This is a series of paintings that I did between 2005 and 2007 that came out of my anger. Apocalypse is supposed to be religious teachings about destiny, what waits for all of us at the end of our journey through time. Frequently, apocalypse becomes an excuse for revenge fantasies writ large upon the cosmos. In our age of violent fanaticism and tribal passions, apocalypse usually means, “you bastards are going to get what’s coming to you!”
This a series of paintings about evil, the worst kind, done in the name of righteousness. When people believe that they are absolutely and exclusively right, they become arrogant and value ignorance. They become capable of amazing cruelty and brutality.
When they try to become angels, men become beasts.

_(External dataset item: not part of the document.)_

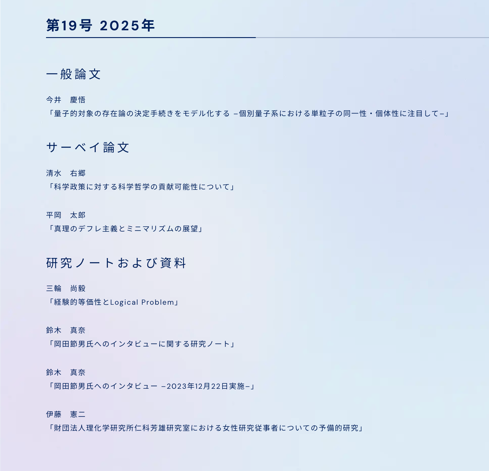 科学哲学科学史専修の紀要『科学哲学科学史研究』第19号が発行されました。 著者 科学哲学科学史専修 タイトル 『科学哲学科学史研究』第19号 出版社 京都大学文学部科学哲学科学史研究室 出版年月 2025年 出版社ページ

Men never do evil so willingly and so happily as when they do it for the sake of conscience.
I lived in the East Village when the September 11th attacks happened. In the days that followed, the neighborhood filled with smoke and dust. I remember that the crazy people with agendas came out of the woodwork that week. There was an old man wearing a construction helmet, waving a huge American flag, marching up and down the middle of Avenue A yelling “Wake up!” followed by some spiel that I could not understand. There was a woman standing in the middle of Astor Place yelling insults and abuse at everyone who passed by. I forget where I saw him, but there was another old man clutching a Bible, listening to something on a pocket recorder, and laughing loudly and uncontrollably. I commemorate those folks, and every crank that yearns for apocalyptic revenge, in this painting.
Whatever prophetic vision the fanatics see, this is what the rest of us see when they act upon their wishes.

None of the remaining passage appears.